**Task**
Print the line containing "Matching cashmere trousers", then every line after it through the end of the material, exactly as written and without pictures.

Provided material section start

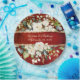 Maravillosos sprays botánicos de flores blancas y verdes con nombres y fechas en escritura en el centro. Scarlet color rojo rústico de fondo angustiado. Purpurina de oro falso para marcar el tono de la elegancia romántica. Las salpicaduras de oro terminan de este plato de papel boda. Hermosos colores y marfil para cualquier temporada.
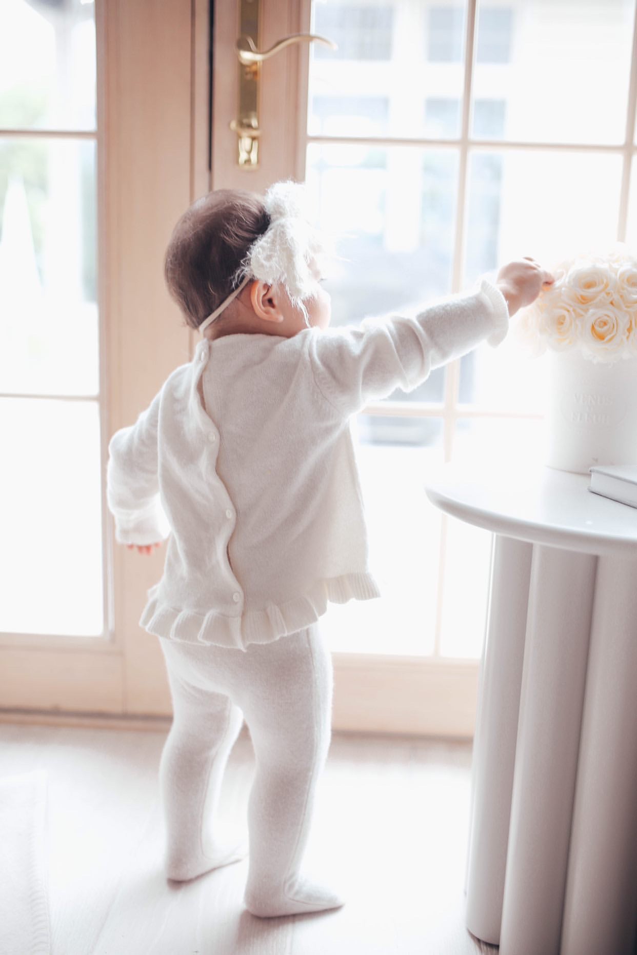 Matching cashmere trousers and hat (sold separately)also available on the website
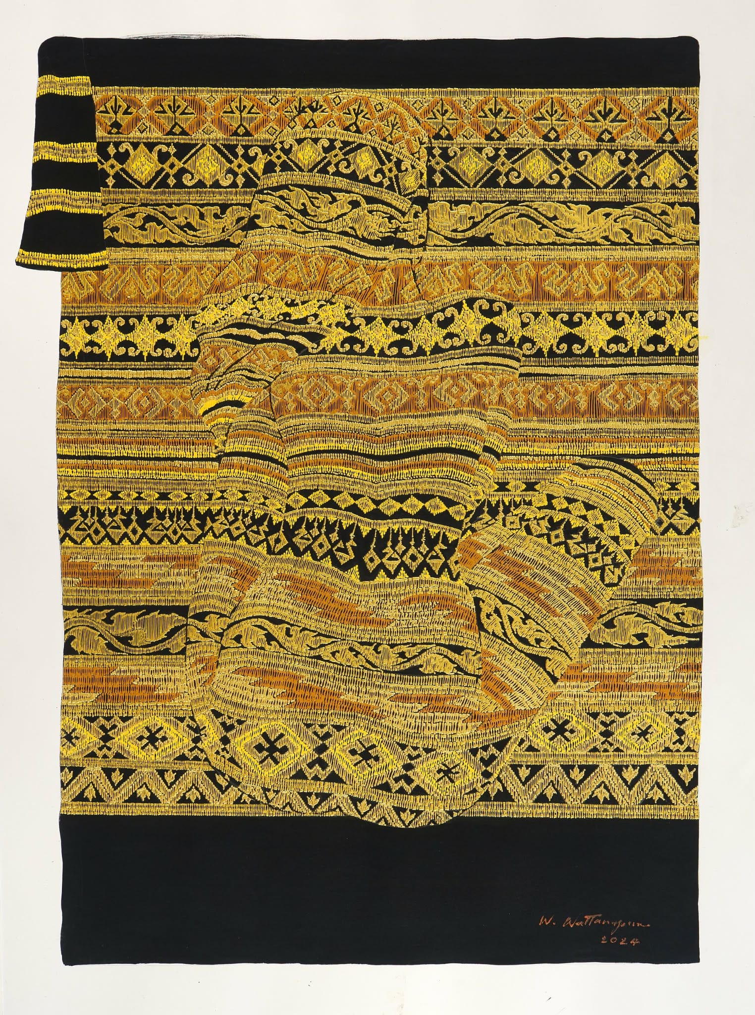 Wattana’s interest in the intricate textures and cultural meanings of handwoven fabrics dates back to his early life, when he even learned to weave on a traditional loom. This engagement became more focused after his return from the West in 2002.

Provided material section end

**Response**
 Matching cashmere trousers and hat (sold separately)also available on the website
 Wattana’s interest in the intricate textures and cultural meanings of handwoven fabrics dates back to his early life, when he even learned to weave on a traditional loom. This engagement became more focused after his return from the West in 2002.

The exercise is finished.